EPP

Erythropoietic Protoporphyria (EPP)

Erythropoietic Protoporphyria is estimated to have a frequency of 1:75,000 to 1:200,000 in some Western European populations. EPP is inherited as an autosomal dominant disorder of porphyrin-heme metabolic with a cutaneous and systemic manifestation. During infancy or childhood, the first noticeable signs of EPP are the skin symptoms. EPP can cause liver complications, because of the excess protoporphyrins.

Symptoms:

Skin turns red during or after an exposure to sunlight - even through windows.
Swelling, burning, itching, and discoloration of the skin
Burning often associated with erythema and edema
Waxy, weather-beaten, or cobblestone skin texture
Increase or decrease in red blood cells with red fluorescence in the bone marrow
Liver complications

The skin symptoms occur mostly on the dorsal surfaces of the hands, face, and ears.
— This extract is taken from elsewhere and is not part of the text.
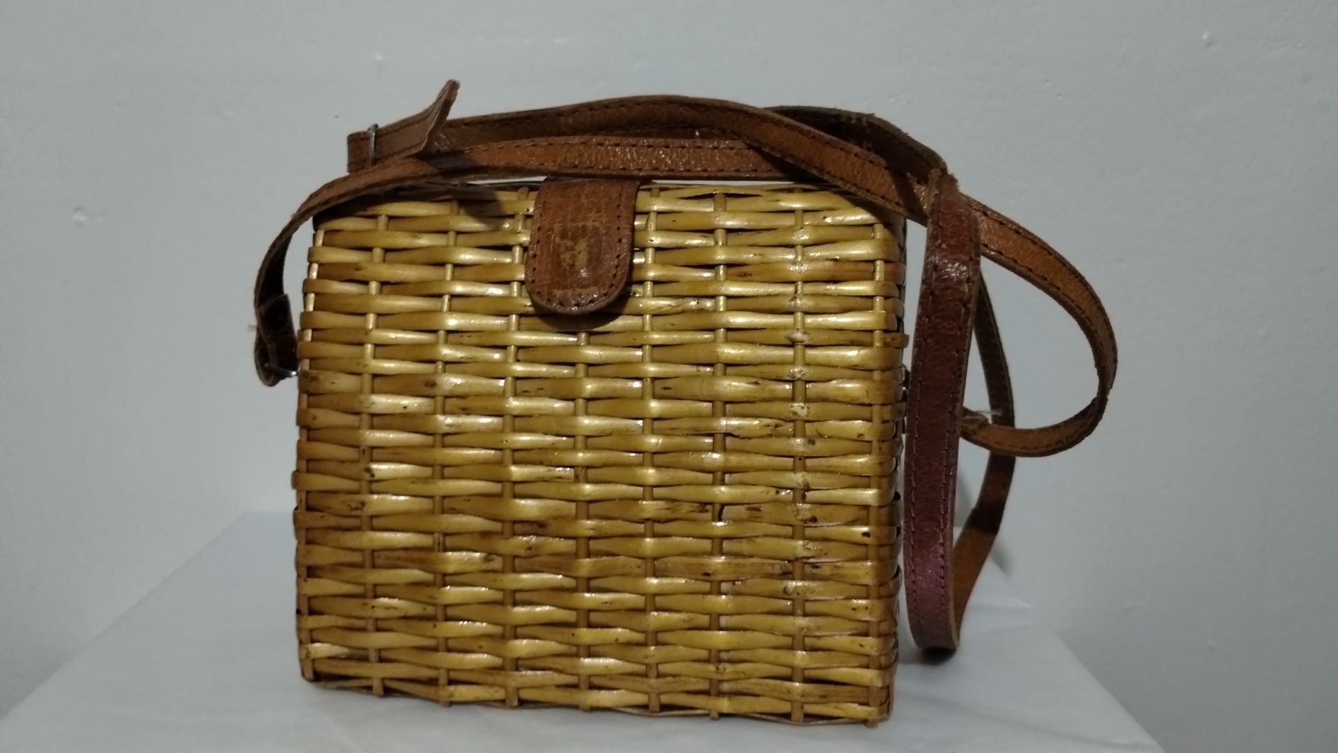 VINTAGE RATTAN - STRAW / NICKEL AND LEATHER BAG. 6"×3.8"×5.5"H / HANDLE 23" GREAT CONDITION

The symptoms result after an exposure to a few minutes of sunlight or by repeated exposure day after day. EPP skin symptoms usually go away in 24 hours, although sometimes they can last for several days and can be very painful. Afterwards the skin returns to normal. Sometime minor skin lesions may occur. The liver complication can be more severe. The protoporphyrins deposited in the liver can have a toxic effect on the liver that can lead to a life threatening hepatic dysfunction.